Retype the listing below exactly, pictures removed.

Segment Start: DATASET SECTION

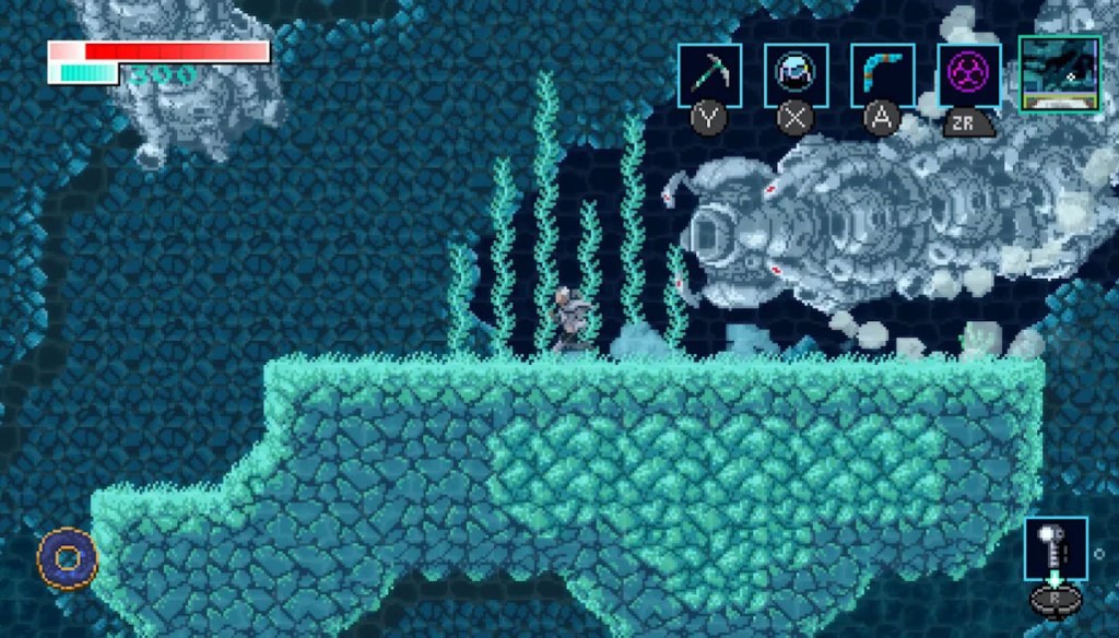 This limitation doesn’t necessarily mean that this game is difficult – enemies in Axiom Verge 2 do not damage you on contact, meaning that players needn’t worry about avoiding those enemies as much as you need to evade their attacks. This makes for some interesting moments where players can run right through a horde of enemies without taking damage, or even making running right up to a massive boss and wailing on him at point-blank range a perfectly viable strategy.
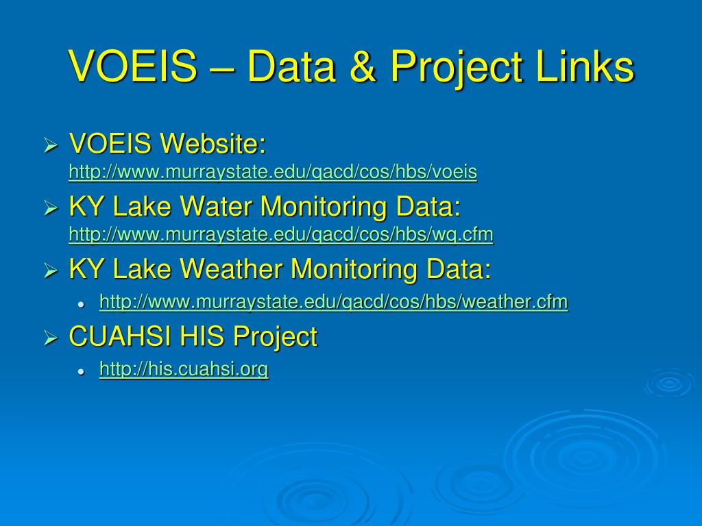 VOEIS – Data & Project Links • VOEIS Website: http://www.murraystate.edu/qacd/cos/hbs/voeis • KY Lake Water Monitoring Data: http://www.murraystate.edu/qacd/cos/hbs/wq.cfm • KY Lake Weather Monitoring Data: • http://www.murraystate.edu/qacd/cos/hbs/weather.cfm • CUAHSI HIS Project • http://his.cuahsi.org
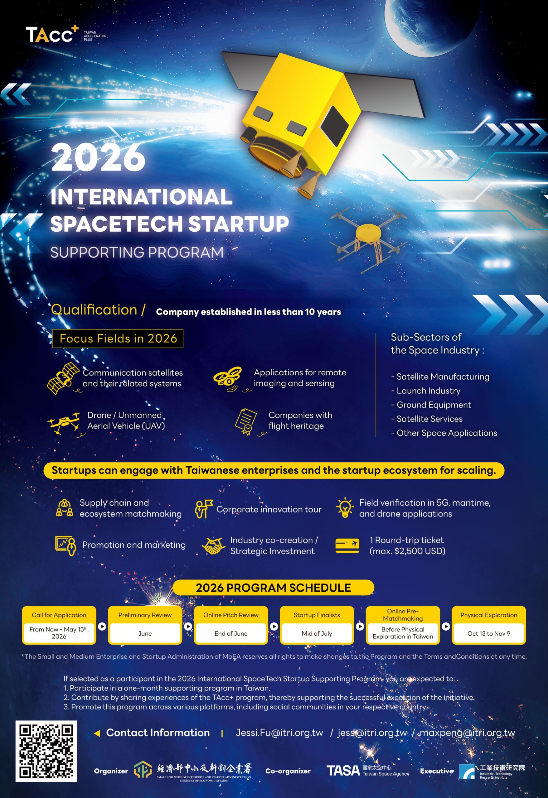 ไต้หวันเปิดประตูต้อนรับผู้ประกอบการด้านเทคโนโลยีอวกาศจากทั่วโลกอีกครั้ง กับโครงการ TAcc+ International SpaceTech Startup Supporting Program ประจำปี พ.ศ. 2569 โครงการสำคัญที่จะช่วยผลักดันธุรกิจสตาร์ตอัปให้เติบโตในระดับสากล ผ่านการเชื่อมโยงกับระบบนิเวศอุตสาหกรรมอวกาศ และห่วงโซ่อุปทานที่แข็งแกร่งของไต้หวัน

Segment End: DATASET SECTION

-- RESPONSE TO THE TASK --
 This limitation doesn’t necessarily mean that this game is difficult – enemies in Axiom Verge 2 do not damage you on contact, meaning that players needn’t worry about avoiding those enemies as much as you need to evade their attacks. This makes for some interesting moments where players can run right through a horde of enemies without taking damage, or even making running right up to a massive boss and wailing on him at point-blank range a perfectly viable strategy.
 VOEIS – Data & Project Links • VOEIS Website: http://www.murraystate.edu/qacd/cos/hbs/voeis • KY Lake Water Monitoring Data: http://www.murraystate.edu/qacd/cos/hbs/wq.cfm • KY Lake Weather Monitoring Data: • http://www.murraystate.edu/qacd/cos/hbs/weather.cfm • CUAHSI HIS Project • http://his.cuahsi.org
 ไต้หวันเปิดประตูต้อนรับผู้ประกอบการด้านเทคโนโลยีอวกาศจากทั่วโลกอีกครั้ง กับโครงการ TAcc+ International SpaceTech Startup Supporting Program ประจำปี พ.ศ. 2569 โครงการสำคัญที่จะช่วยผลักดันธุรกิจสตาร์ตอัปให้เติบโตในระดับสากล ผ่านการเชื่อมโยงกับระบบนิเวศอุตสาหกรรมอวกาศ และห่วงโซ่อุปทานที่แข็งแกร่งของไต้หวัน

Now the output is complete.